I'm trying to figure out the generating function for this power series.. I have a few ideas but can't get any result..
$$\sum_{n=2}^\infty \left(\sum_{k=1}^{n} ((n-k)(k-1)M_{k-1}) z^n\right) $$
$M(k)$ is my recursive function.. my problem is with the $(n-k)(k-1)$ part..

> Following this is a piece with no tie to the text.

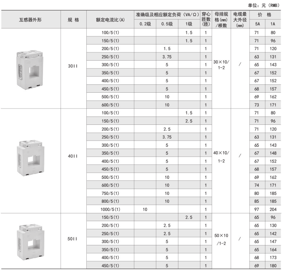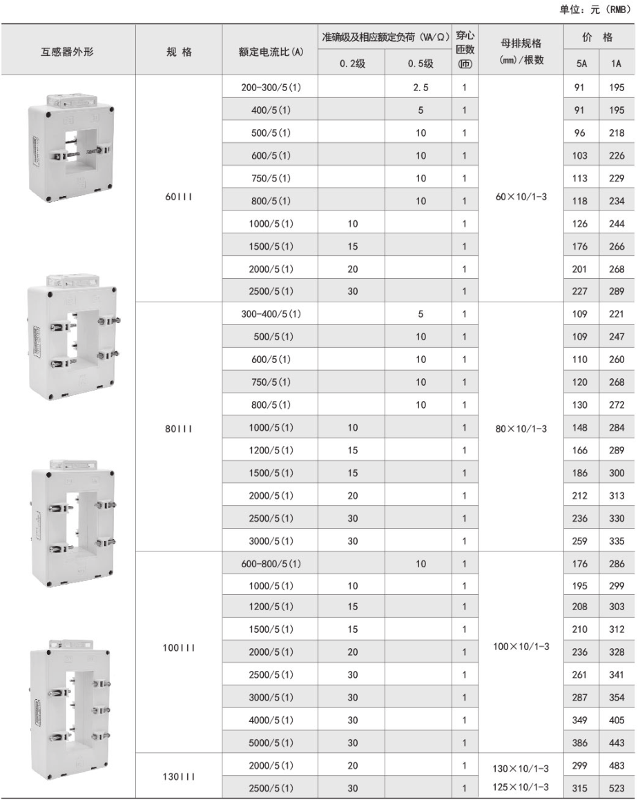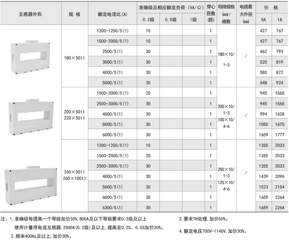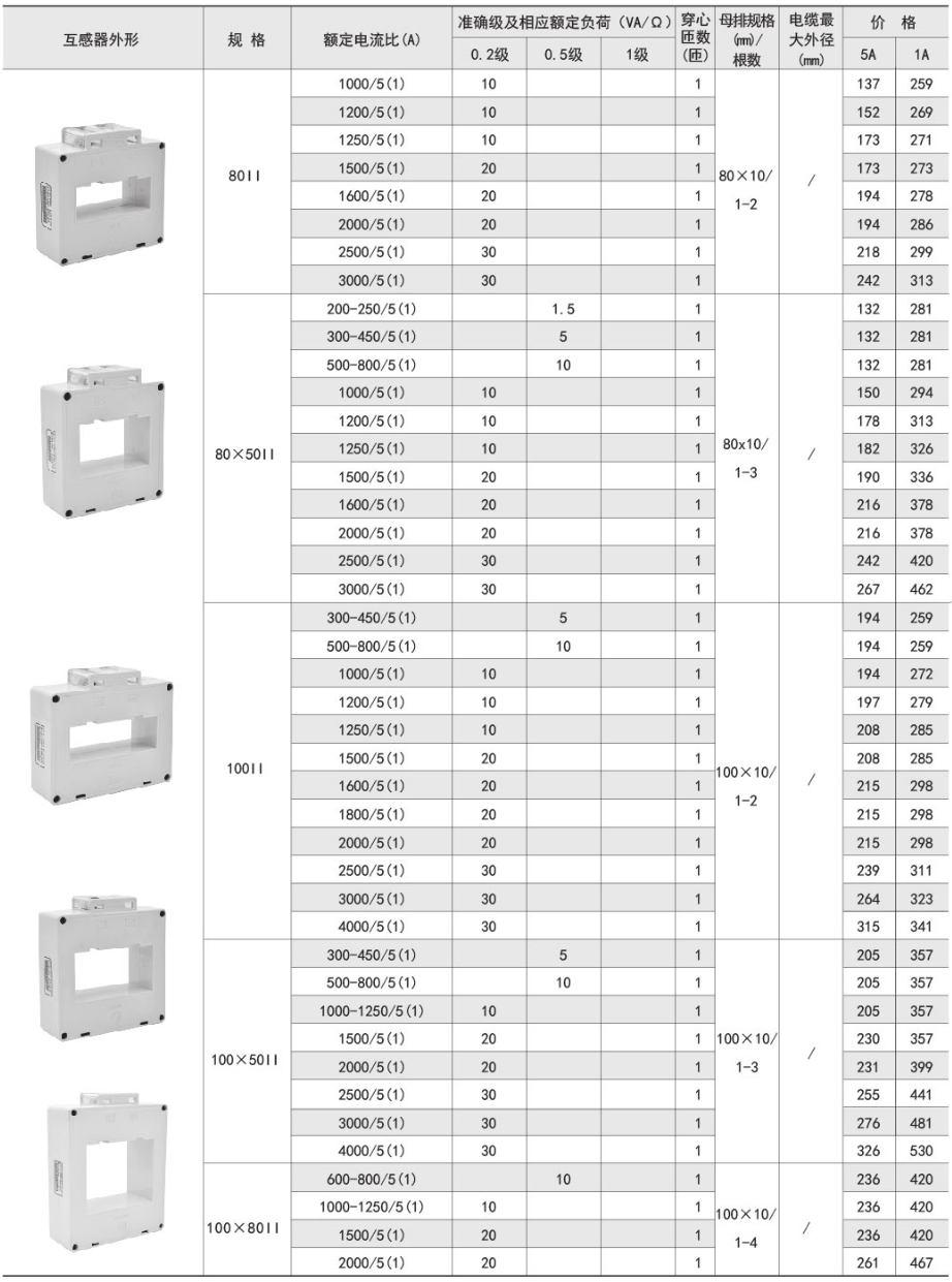 該系列互感器作為交流電流信號采集元件,可與測量儀表配套使用,一次電流測量范圍5-6300A,二次輸出5A或1A,測量范圍為額定值的5-120%。

I was thinking that it can be extracted from the summation and it should become
$$n(n+1)(n+2)/6$$
but I'm still unable to solve this..
On
$$\sum_{n\geq2} \sum_{k=1}^{n}(n-k)(k-1)M_{k-1}z^n = \sum_{n\geq1} \sum_{k=1}^{n+1}(n+1-k)(k-1)M_{k-1}z^{n+1}$$ Interchanging order of sum: $$[1 \leq n < \infty][1 \leq k \leq n+1] =[1 \leq k \leq n+1 < \infty] $$ $$ = [1 \leq k < \infty][k \leq n+1 < \infty]$$ Hence, $$ = \sum_{k\geq 1}(k-1)M_{k-1}\sum_{n+1\geq k}(n+1-k)z^{n+1-k}z^k$$ $$ = \sum_{k\geq 1}(k-1)M_{k-1}\sum_{n\geq k}(n-k)z^{n-k}z^k$$ $$=\sum_{k\geq 1}(k-1)M_{k-1}z^k \;z\sum_{n\geq k}(n-k)z^{n-k-1} $$ $$=\sum_{k\geq 1}(k-1)M_{k-1}z^{k+1} \;\frac{d}{dz}\sum_{n\geq k}z^{n-k} $$ $$=\sum_{k\geq 1}(k-1)M_{k-1}z^{k+1} \;\frac{1}{(1-z)^2} $$ $$=\frac{z^3}{(1-z)^2}\sum_{k\geq 1}(k-1)M_{k-1} z^{k-2} $$ $$=\frac{z^3}{(1-z)^2}\sum_{k\geq 1}(k-1)M_{k-1} z^{k-2} $$ $$=\frac{z^3}{(1-z)^2}\frac{d}{dz}\sum_{k\geq 1}M_{k-1} z^{k-1} $$
Observe the inner product is a discrete convolution, suggesting this is a product of two generating functions. Reindex $n$ by $1$ and obtain:
$$\sum_{n=2}^\infty\left(\sum_{k=1}^n(n-k)(k-1)M_{k-1}\right)z^n=\sum_{n=1}^\infty\left(\sum_{a+b=n}a\cdot(bM_b)\right)z^{n+1}$$
$$=z\left(\sum_{a=1}^\infty az^a\right)\left(\sum_{b=1}^\infty bM_bz^b\right)=z\cdot\frac{z}{(1-z)^2}\cdot\left(z\frac{d}{dz}\sum_{b=1}^\infty M_bz^b\right).$$
Now, what is it exactly that you want to accomplish here? You say $M_k$ is a recursive function but you don't tell us what the recursion it satisfies is and you likewise refer to some "it" being a given polynomial in $n$ but what is the "it" that you refer to - is it the $M_k$ or the inner sum involving $M_k$?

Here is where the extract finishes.